The project also reflects the country’s first implementation of cage culture. The 30 floating cages in the lake are anchored next to a floating walkway that serves as a platform for feeding and harvesting. The cages consist of 9-square-meter floating frames with nets suspended at a depth of 2 meters. The current production of 4 metric tons per month is achieved by stock splitting and grading at a regular rate.

Feeding of fish and fry is done manually at a frequency of five times daily. Feed powder with 38 percent crude protein is used for the fry and juvenile fish. Fingerlings are fed 38 percent-crude protein pellets of 2-millimeter diameter, while adult fish (including broodstock) receive 4-millimeter pellets with 30 percent crude protein.

Fingerlings are produced continuously in a recirculating aquaculture system consisting of 11 pools that produce 25,000 fingerlings a month. Eggs are collected every two weeks. Fish are grown to 40 grams, and the fingerlings are then supplied for grow-out.

Water from the pools is recirculated through an aquaponics system, where various crops are grown. Water returned from the aquaponics is then pumped through a vortex and later biofilter system. Pool water is heated by solar panels during the daytime, while a heat pump maintains the temperature above 25 degrees-C during the night.

Namibia
The lake formed when a tin mine eventually dug into an underground aquifer.

Product

The Mozambique tilapia (Oreochromis mossambicus) are harvested at weights of 200 to 250 grams. Smaller fish are sold to the informal sector. Harvested fish are washed in clean water before packaging in 5-kg frozen cartons or 3-kg bulk plastic bags.

Further development

The existing cage culture system occupies only about 10 percent of the water body available. The objective is to utilize the lake to its full projected capacity of 12 metric tons per month. A minimum depth of 3 meters below the cage bottoms will be maintained. Water quality is regularly monitored to determine the ultimate stocking density.

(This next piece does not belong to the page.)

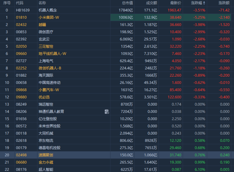 华盛资讯11月19日讯,机器人概念股走势分化,截至发稿,越疆跌近4%,三花智控、地平线机器人-W跌超2%,优必选跌0.33%,速腾聚创跌涨0.76%。

Construction of a new hatchery and broodstock pool system that will be able to produce 60,000 fingerlings monthly is already under way. Another objective is to promote commercial aquaculture farming and assist farmers with the establishment of additional grow-out facilities. Market research has showed a need for the continuous supply of fresh and frozen filleted catfish. The initial annual capacity of a planned catfish facility will be 60 metric tons.

Aquaculture activities in Namibia are regulated by legislation overseen by the Ministry of Fisheries and Marine Resources. This project maintains a close relationship with the ministry while its knowledge and experience are shared.

Perspectives

Namibia is mainly a meat-eating country, but the government and especially the Ministry of Fisheries and Marine Resources have been trying to promote aquaculture at all levels. The consumption of tilapia is common in certain regions of Namibia, but seasonal. In general, the local market is oriented toward marine fish. The farm project aims to educate consumers on the nutritional benefits of freshwater fish consumption and establish a sustainable freshwater fish market.

Since most Namibian restaurants, lodges and hotels do not have tilapia on the menu, these markets will be targeted through the fish-farming initiatives. Furthermore, the establishment of additional cage culture will provide opportunities for women, youths and disabled people to improve their social livelihoods.

Incorporating aquaponics with recirculating aquaculture systems will make a significant contribution toward the profitability of this project and related supporting secondary industries. The hatchery will supply fingerlings to various communal areas throughout Namibia, where farmers must be trained and assisted to efficiently grow out fish to marketable sizes.

The cage project also has potential as an eco-tourism attraction. Potential farm tourism activities include general tours of the hatchery, nursery and grow-out facilities; seasonal angling competitions or even the establishment of a recreational water park. Students from universities and other institutions may apply for internships at the fish farm as part of their academic experiences.